Detailed Description of Example Embodiments

[0022] In the following, a detailed description of a method of electrical power distribution in an electronic control system 9 at an electrically powered mining or construction machine 2 and an electronic control system 9 arranged to perform the method according to the present disclosure is presented.

[0023] The electrically powered mining or construction machine 2 includes a man machine interface (MMI) 10 and a line converter 5 that is selectively connectable to a mains power source 4 and a battery 6 and/or fuel cell mounted on-board the machine 2 where both the mains power source 4 and the battery 6 and/or fuel cell are connected to a DC bus 7 arranged to supply on-board consumers 8 of electrical energy.

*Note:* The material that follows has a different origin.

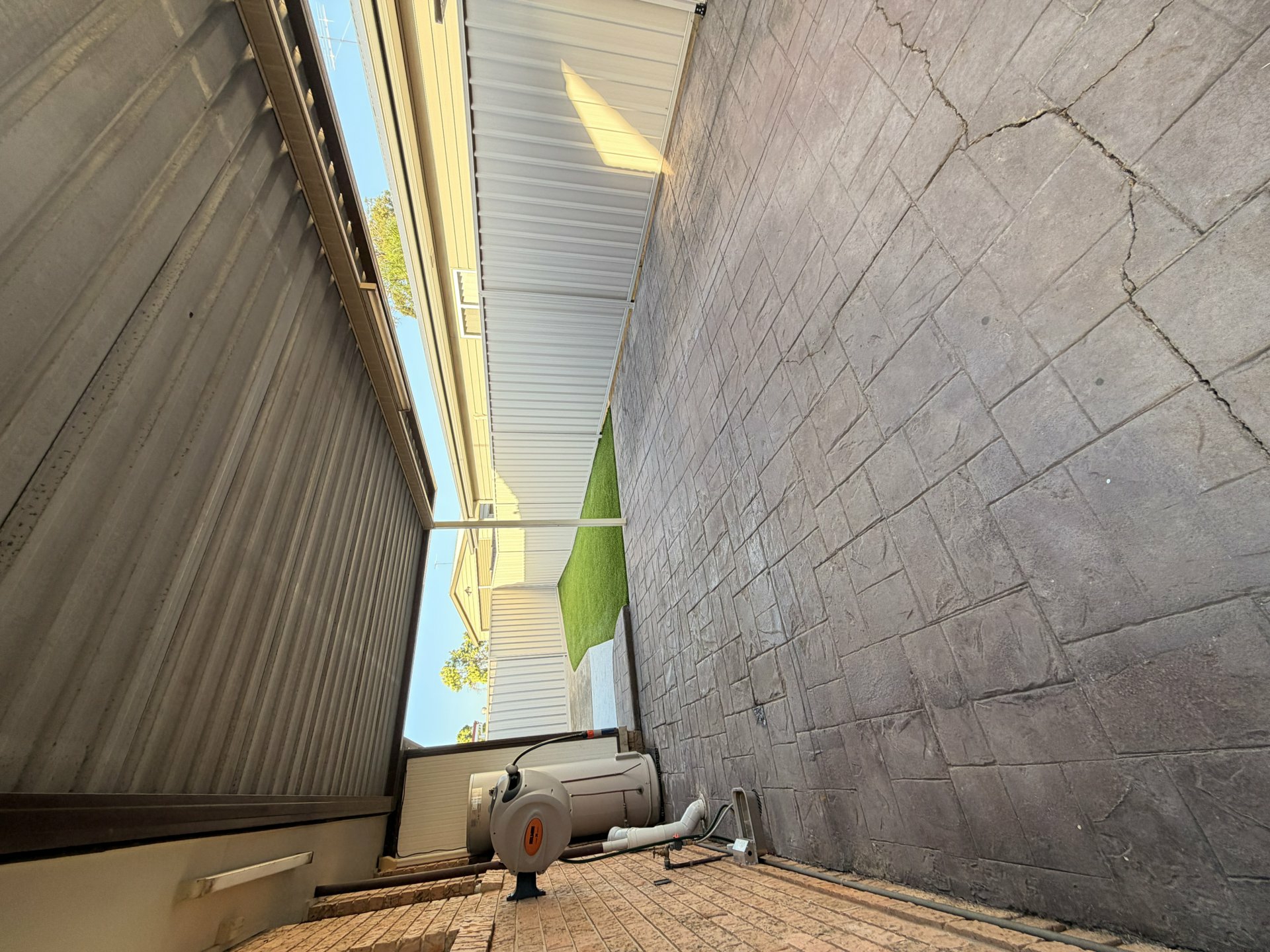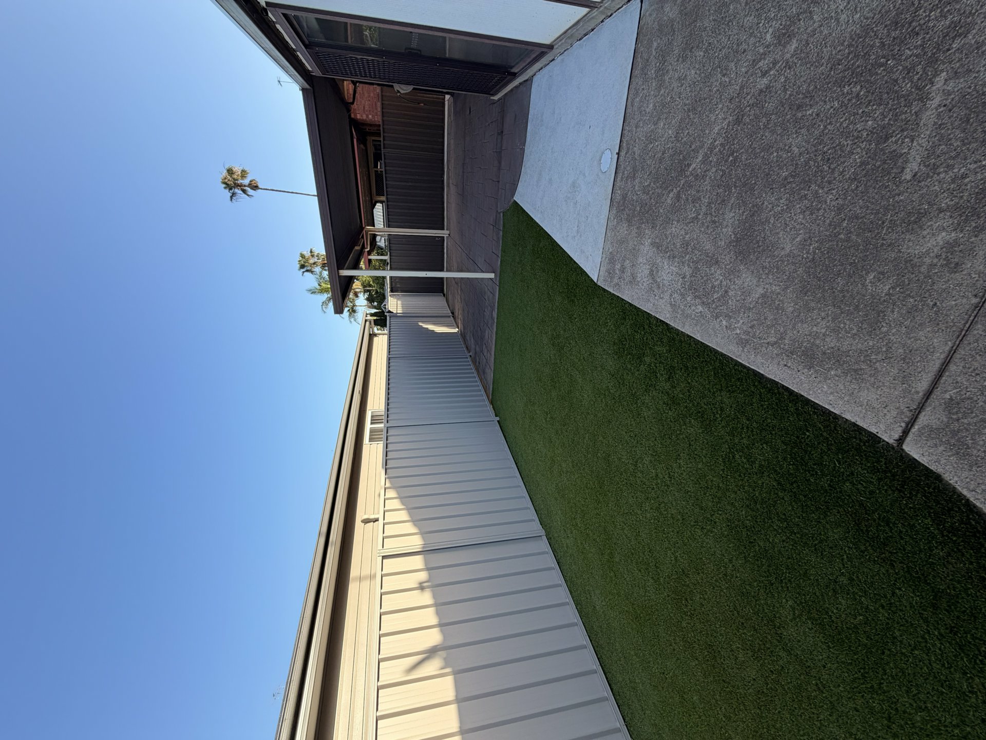 Laundry, undercover outdoor area with artificial grass for low maintenance with side access.
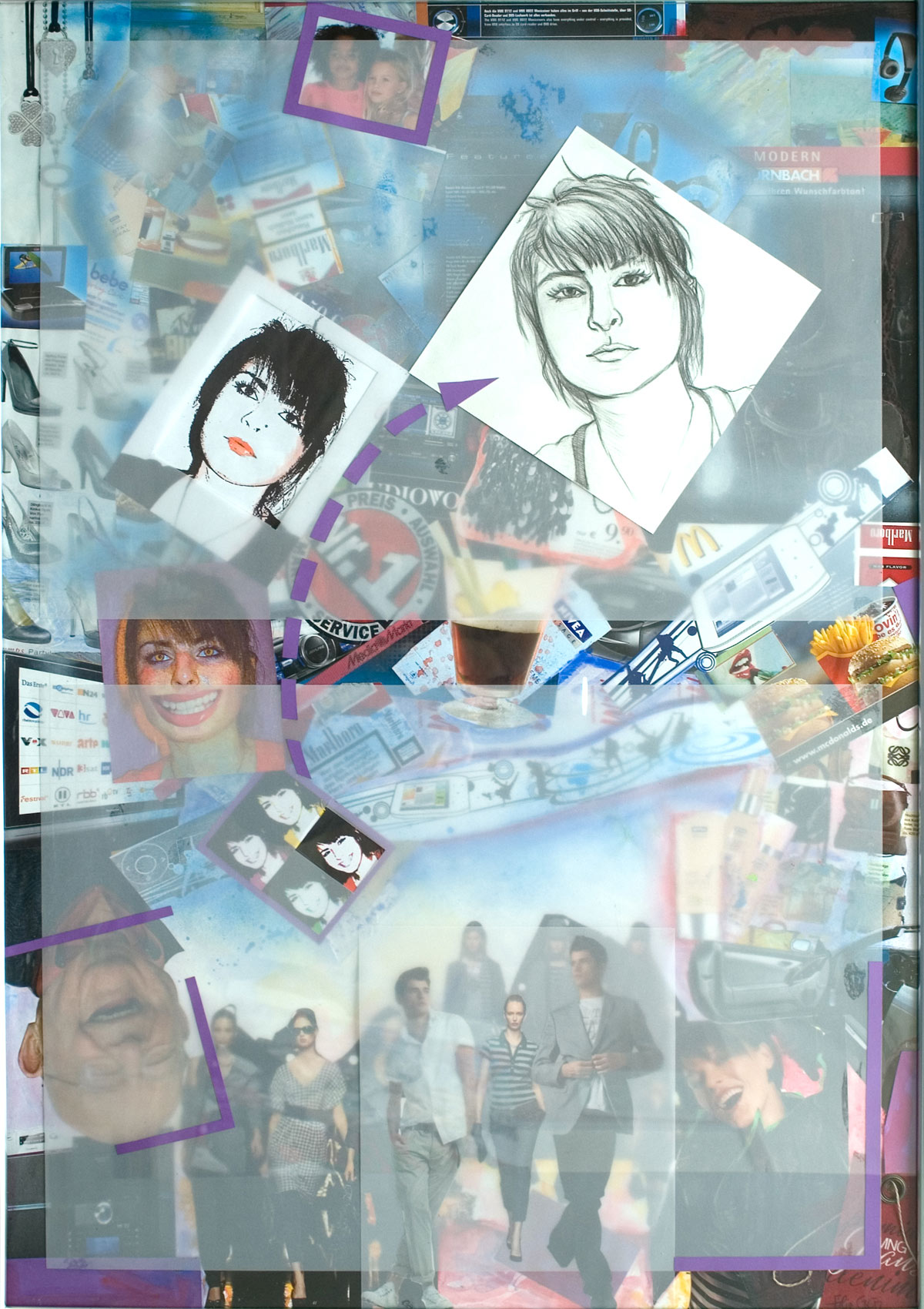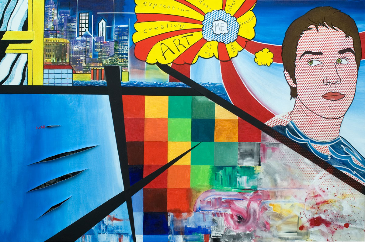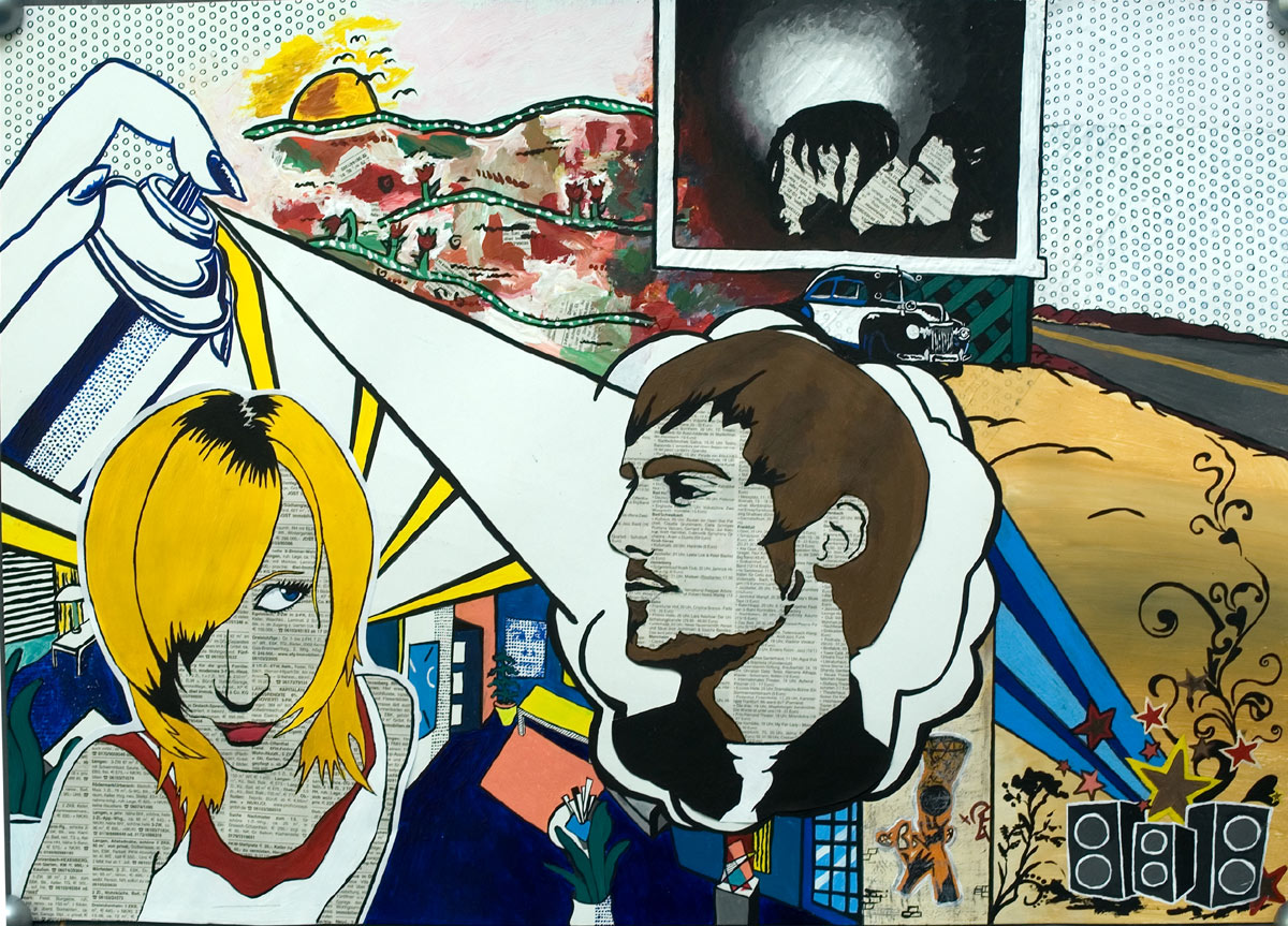 Unsere Abschlussarbeit bezog sich auf die verschiedenen Kunstepochen nach 1945 und hatte als Hauptthema „Ich - in Beziehung zur Kunst“. Die Aufgabenstellung war relativ offen, sodass wir uns selber Gedanken machen konnten, wie wir uns und die Epochen in Beziehung setzen.

Batteries 6, as described herein, also include supercapacitors or other types of chargeable / dischargeable electric energy storages.

[0024] In the drawing figures, like reference numerals designate identical or corresponding elements throughout the several figures. It will be appreciated that these figures are for illustration only and do not in any way restrict the scope of the present disclosure.

[0025] The expression “mining or construction machines” as used in the present disclosure may include production, exploration, and construction mining rigs for surface applications.

[0026] Drilling rigs are used for several purposes, exploration drilling which aims to identify the location and quality of a mineral, and production drilling, used in the production-cycle for mining and/or construction.

[0027] With reference to Fig. 1, is illustrated schematically a surface drill rig 2 used to exemplify the invention, which surface drill rig 2 is electrified and has an electric battery 6 on-board and the possibility of connecting a cable 3 to an electrical grid 4.

[0028] With reference to Fig. 2, there is shown a simplified block diagram of an example electrical system 1 in such a machine 2 as described herein. A man-machine- interface (MMI) 10 is provided for enabling a machine operator to interact with an electronic control system (ECS) 9 of the machine 2. A line converter 5 is selectively connectable to a mains power source 4, e.g. electrical grid, as well as to a battery 6 and/or fuel cell mounted on-board the machine 2. Both the mains power source 4 and the battery 6 and/or fuel cell are connected to a DC bus 7 arranged to supply on-board consumers 8 of electrical energy. These on-board-consumers 8 may be inverters which in turn supplies electric motors. A low voltage system 13, here illustrated as 24V DC/DC, is provided for powering the electronic control system 9. In Fig. 2 Electric AC power lines are drawn as full lines, electric DC power lines are dashed, and control signal lines are shown as dotted. The block diagram of Fig. 2 has been simplified through the omission of some components that may be required depending on the particular implementation, such as transformers, filters, inverters for powering some on-board consumers, battery / fuel cell control and thermal management systems etc., as will be evident to the skilled person.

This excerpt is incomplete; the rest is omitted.